— What needs to be done —
Without the pictures, print the lines running from the beginning of the material to the line containing "3月16日下午,由研究生院/", both ends included.

— Information shown —
*** Begin section ***

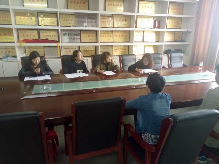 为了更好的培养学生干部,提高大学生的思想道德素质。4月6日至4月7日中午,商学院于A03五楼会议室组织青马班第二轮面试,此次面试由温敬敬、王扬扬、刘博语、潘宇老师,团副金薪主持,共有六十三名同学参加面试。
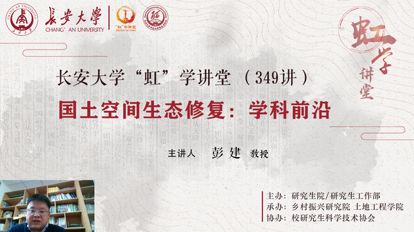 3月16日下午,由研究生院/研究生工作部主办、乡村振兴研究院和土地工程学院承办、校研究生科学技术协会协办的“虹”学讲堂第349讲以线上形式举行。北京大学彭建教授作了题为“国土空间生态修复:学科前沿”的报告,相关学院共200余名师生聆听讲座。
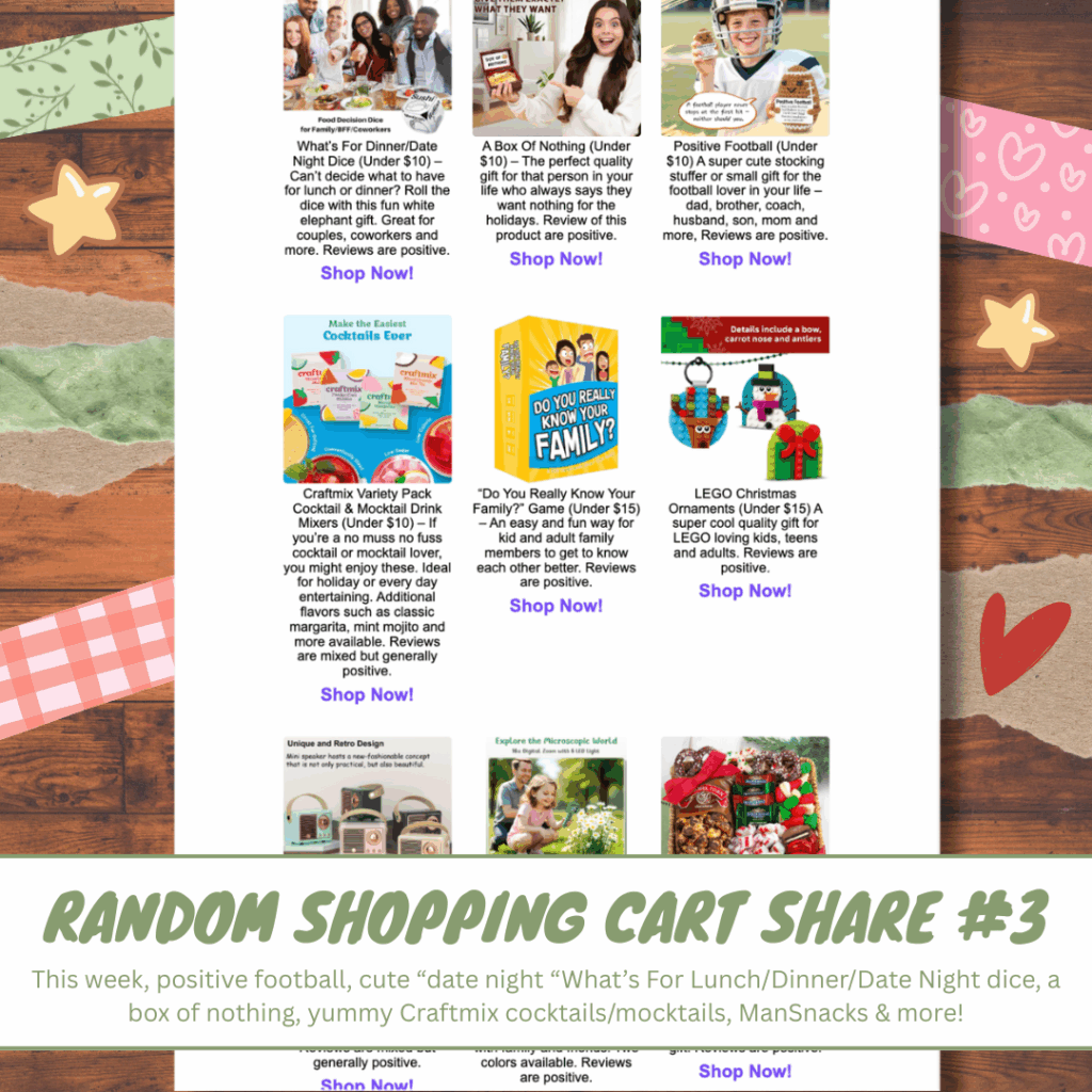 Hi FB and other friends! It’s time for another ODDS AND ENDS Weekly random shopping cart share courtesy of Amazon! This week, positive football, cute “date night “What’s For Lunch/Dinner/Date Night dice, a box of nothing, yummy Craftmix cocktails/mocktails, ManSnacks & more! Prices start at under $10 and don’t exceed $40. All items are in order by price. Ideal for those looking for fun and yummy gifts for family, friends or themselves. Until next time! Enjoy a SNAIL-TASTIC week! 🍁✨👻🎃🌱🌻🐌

*** End section ***

— Answer space —
 为了更好的培养学生干部,提高大学生的思想道德素质。4月6日至4月7日中午,商学院于A03五楼会议室组织青马班第二轮面试,此次面试由温敬敬、王扬扬、刘博语、潘宇老师,团副金薪主持,共有六十三名同学参加面试。
 3月16日下午,由研究生院/研究生工作部主办、乡村振兴研究院和土地工程学院承办、校研究生科学技术协会协办的“虹”学讲堂第349讲以线上形式举行。北京大学彭建教授作了题为“国土空间生态修复:学科前沿”的报告,相关学院共200余名师生聆听讲座。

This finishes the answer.